**Dataset records**

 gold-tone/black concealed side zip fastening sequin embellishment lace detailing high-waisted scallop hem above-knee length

--

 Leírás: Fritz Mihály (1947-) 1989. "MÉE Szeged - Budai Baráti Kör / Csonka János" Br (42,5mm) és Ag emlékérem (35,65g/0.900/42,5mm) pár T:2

* * *

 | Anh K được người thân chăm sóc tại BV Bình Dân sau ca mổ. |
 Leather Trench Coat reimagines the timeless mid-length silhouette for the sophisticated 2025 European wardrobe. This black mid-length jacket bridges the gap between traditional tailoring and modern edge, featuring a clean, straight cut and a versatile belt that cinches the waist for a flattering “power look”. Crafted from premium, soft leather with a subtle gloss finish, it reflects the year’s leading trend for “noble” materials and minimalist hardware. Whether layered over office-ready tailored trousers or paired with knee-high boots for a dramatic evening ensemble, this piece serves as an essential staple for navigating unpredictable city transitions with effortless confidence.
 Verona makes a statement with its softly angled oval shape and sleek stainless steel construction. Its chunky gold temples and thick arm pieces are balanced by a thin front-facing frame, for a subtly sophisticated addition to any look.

**About this exercise**
Would you print, exactly as written, every line above from the one holding "sau ca mổ. |" through the one holding "Verona makes a", with both included and no other lines?

**Exercise answer**
 | Anh K được người thân chăm sóc tại BV Bình Dân sau ca mổ. |
 Leather Trench Coat reimagines the timeless mid-length silhouette for the sophisticated 2025 European wardrobe. This black mid-length jacket bridges the gap between traditional tailoring and modern edge, featuring a clean, straight cut and a versatile belt that cinches the waist for a flattering “power look”. Crafted from premium, soft leather with a subtle gloss finish, it reflects the year’s leading trend for “noble” materials and minimalist hardware. Whether layered over office-ready tailored trousers or paired with knee-high boots for a dramatic evening ensemble, this piece serves as an essential staple for navigating unpredictable city transitions with effortless confidence.
 Verona makes a statement with its softly angled oval shape and sleek stainless steel construction. Its chunky gold temples and thick arm pieces are balanced by a thin front-facing frame, for a subtly sophisticated addition to any look.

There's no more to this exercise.